# car alarm very low



## shahs42 (Nov 29, 2010)

hi

i use a laserline car alarm on my bmw, a while ago my driver side window fell through lol, unfortunately it damaged the motor, i had this alarm wire disconnected off the window as it was causing the alarm to go off as the window was just placed tempoarily ont he door. i havent got it fixed yet. But the alarm if goes off is a very tiny beep it was norma for a while. whats caused the sound to go low? 

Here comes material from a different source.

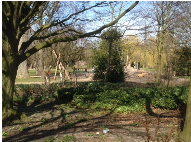
Afbeelding 3.1.1 natuurlijke speelplek i.c.m. robinia houten speeltoestellen

Het voordeel van natuurlijk spelen (afbeelding 3.1) en spelen in de natuur is de positieve invloed ervan op de ontwikkeling van kinderen. Kinderen leren omgaan met de natuur en elkaar, ze worden behulpvaardiger, het stimuleert hun creativiteit en ze krijgen een band met de natuur die op latere leeftijd effect kan hebben op het bewustzijn van een behoefte aan een duurzame wereld 12

is it because i have d/c the circuit the car main battery si not charging the alarm, causing it to sound lower?

thank you


----------



## lcurle (Oct 5, 2008)

the alarm should be connected directly to the battery power, sometimes they have a battery built into the siren incase someone cuts the wire, if it does then there should be an access port for it.


----------



## shahs42 (Nov 29, 2010)

hi 
thanks for the reply, i have taken the battery out of the car as it has been parked up for many months at my garage, maybe thats why the alar has totally gone quiet. Does this mean i have drained out the battery built into the alarm? it had started doing this since the driverside window wiring has been disconnected for many months, if i was to reconnect the win with the circuit ould this gradually get the alarm to mabye recharge in some way, or do i need to rpelace the buil in battery? or is theonly answer connecting the alarm directly to the battery?

i was thinking of getting the alarm totally removed, is this a hard task?

thank you soo much for your help

saj


----------



## lcurle (Oct 5, 2008)

to remove the alarm is not hard, just make sure is is unarmed, then pull the two fuses out that are under the dash connected to the alarm brain, which should look like a black box.


----------